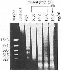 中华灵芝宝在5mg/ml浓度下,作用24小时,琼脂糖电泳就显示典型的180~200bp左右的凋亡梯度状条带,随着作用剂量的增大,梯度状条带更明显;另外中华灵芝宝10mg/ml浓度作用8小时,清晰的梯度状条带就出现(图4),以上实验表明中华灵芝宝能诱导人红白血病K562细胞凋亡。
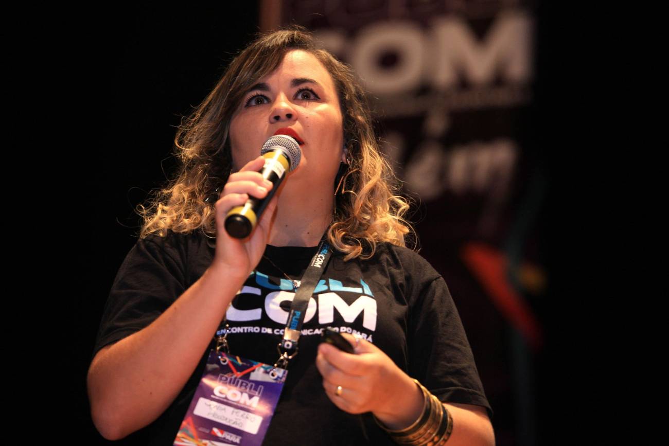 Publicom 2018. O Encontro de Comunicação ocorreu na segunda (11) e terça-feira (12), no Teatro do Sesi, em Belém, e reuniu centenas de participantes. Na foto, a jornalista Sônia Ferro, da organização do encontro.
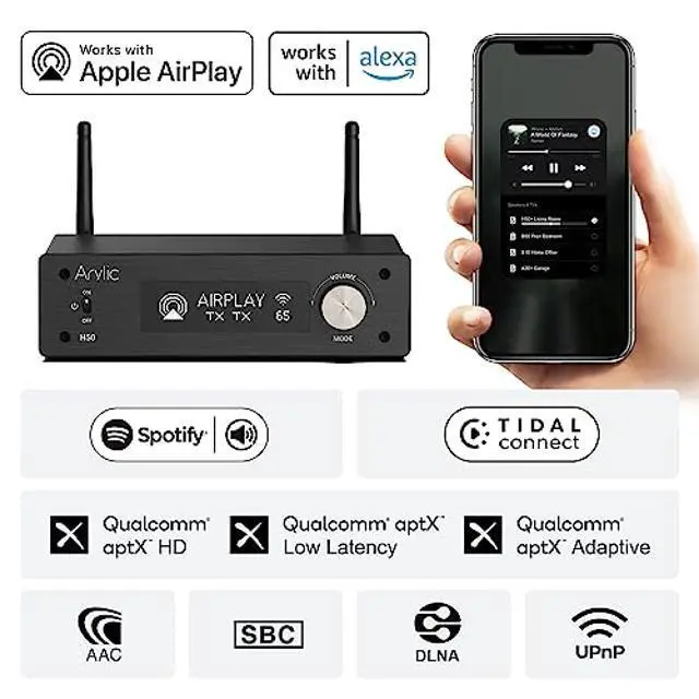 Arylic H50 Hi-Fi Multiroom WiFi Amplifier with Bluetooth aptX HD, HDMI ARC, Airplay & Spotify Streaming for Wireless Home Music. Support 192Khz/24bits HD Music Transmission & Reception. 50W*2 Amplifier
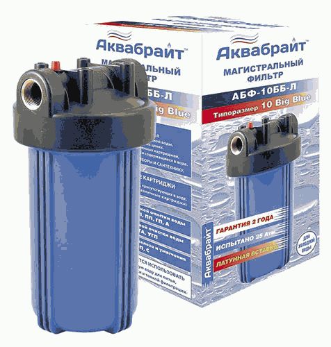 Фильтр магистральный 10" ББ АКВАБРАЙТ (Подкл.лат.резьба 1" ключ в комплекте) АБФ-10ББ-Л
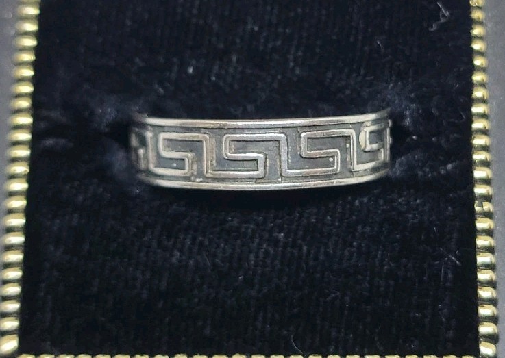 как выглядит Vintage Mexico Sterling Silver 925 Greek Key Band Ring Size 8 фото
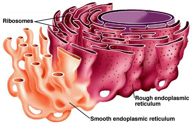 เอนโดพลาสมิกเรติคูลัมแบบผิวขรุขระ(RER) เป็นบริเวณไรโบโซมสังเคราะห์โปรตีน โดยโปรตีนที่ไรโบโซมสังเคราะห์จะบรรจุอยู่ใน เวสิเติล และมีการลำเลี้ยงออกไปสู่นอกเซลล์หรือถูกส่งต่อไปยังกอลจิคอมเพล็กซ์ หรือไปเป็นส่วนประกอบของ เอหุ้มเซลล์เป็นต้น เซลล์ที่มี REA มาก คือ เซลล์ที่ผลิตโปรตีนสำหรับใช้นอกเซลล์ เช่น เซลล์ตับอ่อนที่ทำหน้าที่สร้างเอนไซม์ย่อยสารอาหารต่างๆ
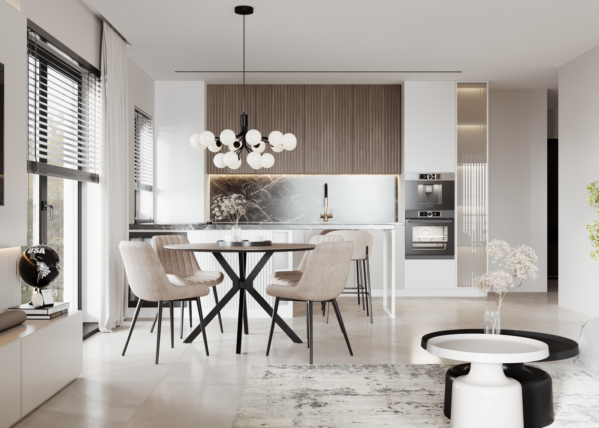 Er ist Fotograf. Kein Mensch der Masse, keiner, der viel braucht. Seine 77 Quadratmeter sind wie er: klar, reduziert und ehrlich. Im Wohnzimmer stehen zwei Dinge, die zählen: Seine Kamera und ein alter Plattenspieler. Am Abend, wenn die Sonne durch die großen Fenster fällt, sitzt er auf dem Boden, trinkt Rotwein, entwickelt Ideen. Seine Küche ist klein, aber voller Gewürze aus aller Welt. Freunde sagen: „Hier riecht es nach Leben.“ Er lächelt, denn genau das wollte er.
◆ ◆ ◆
Print exactly the span of lines that begins with the line containing "หรือไปเป็นส่วนประกอบของ เอหุ้มเซลล์เป็นต้น เซลล์ที่มี" and ends with the last line of the listing, with no pictures.

 เอนโดพลาสมิกเรติคูลัมแบบผิวขรุขระ(RER) เป็นบริเวณไรโบโซมสังเคราะห์โปรตีน โดยโปรตีนที่ไรโบโซมสังเคราะห์จะบรรจุอยู่ใน เวสิเติล และมีการลำเลี้ยงออกไปสู่นอกเซลล์หรือถูกส่งต่อไปยังกอลจิคอมเพล็กซ์ หรือไปเป็นส่วนประกอบของ เอหุ้มเซลล์เป็นต้น เซลล์ที่มี REA มาก คือ เซลล์ที่ผลิตโปรตีนสำหรับใช้นอกเซลล์ เช่น เซลล์ตับอ่อนที่ทำหน้าที่สร้างเอนไซม์ย่อยสารอาหารต่างๆ
 Er ist Fotograf. Kein Mensch der Masse, keiner, der viel braucht. Seine 77 Quadratmeter sind wie er: klar, reduziert und ehrlich. Im Wohnzimmer stehen zwei Dinge, die zählen: Seine Kamera und ein alter Plattenspieler. Am Abend, wenn die Sonne durch die großen Fenster fällt, sitzt er auf dem Boden, trinkt Rotwein, entwickelt Ideen. Seine Küche ist klein, aber voller Gewürze aus aller Welt. Freunde sagen: „Hier riecht es nach Leben.“ Er lächelt, denn genau das wollte er.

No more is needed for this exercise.